● **Provided records**

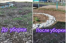 В рамках санитарно-экологического двухмесячника Сотрудники филиала МБОУ провели чистку территории детского сада
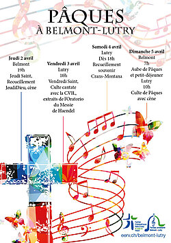 Plongez au cœur de l’espérance avec un programme riche en émotions. Dès le Jeudi Saint, nous nous retrouverons à Belmont pour un temps de communion intime. Le Vendredi Saint, laissez-vous porter par la puissance du "Messie" de Haendel lors d'un culte cantate exceptionnel à Lutry, où la musique devient prière.
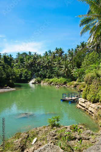 © gunaonedesign, Fototapeta premium Widok na rzekę w wodospadzie Sri Gethuk, Yogyakarta, Indonezja
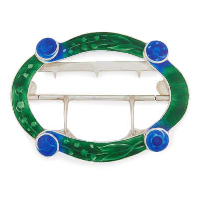 ARTS & CRAFTS SILVER & ENAMEL BELT BUCKLE, LONDON 1910
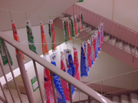 石巻市役所内に掲げられた加東市からの鯉のぼり
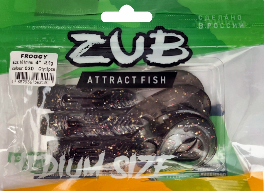 Приманка ZUB-FROGGY 101мм(4")-3шт, (цвет 030) черный верх-натурал низ
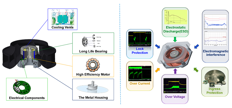 Cooling systems play an increasingly critical role in data center with AI and high computing. Cooling represents the biggest slice of the total cost in a data center. For rack cooling, Delta offers new fan series with high performance and low power consumption. The application of these fans can improve PUE (Power Usage Effectiveness) in data center operations.

● **Exercise description**
Set down, word for word, only the lines running from the line with "石巻市役所内に掲げられた加東市からの鯉のぼり" through the final line of the entries above, omitting all pictures.

● **Written response**
 石巻市役所内に掲げられた加東市からの鯉のぼり
 Приманка ZUB-FROGGY 101мм(4")-3шт, (цвет 030) черный верх-натурал низ
 Cooling systems play an increasingly critical role in data center with AI and high computing. Cooling represents the biggest slice of the total cost in a data center. For rack cooling, Delta offers new fan series with high performance and low power consumption. The application of these fans can improve PUE (Power Usage Effectiveness) in data center operations.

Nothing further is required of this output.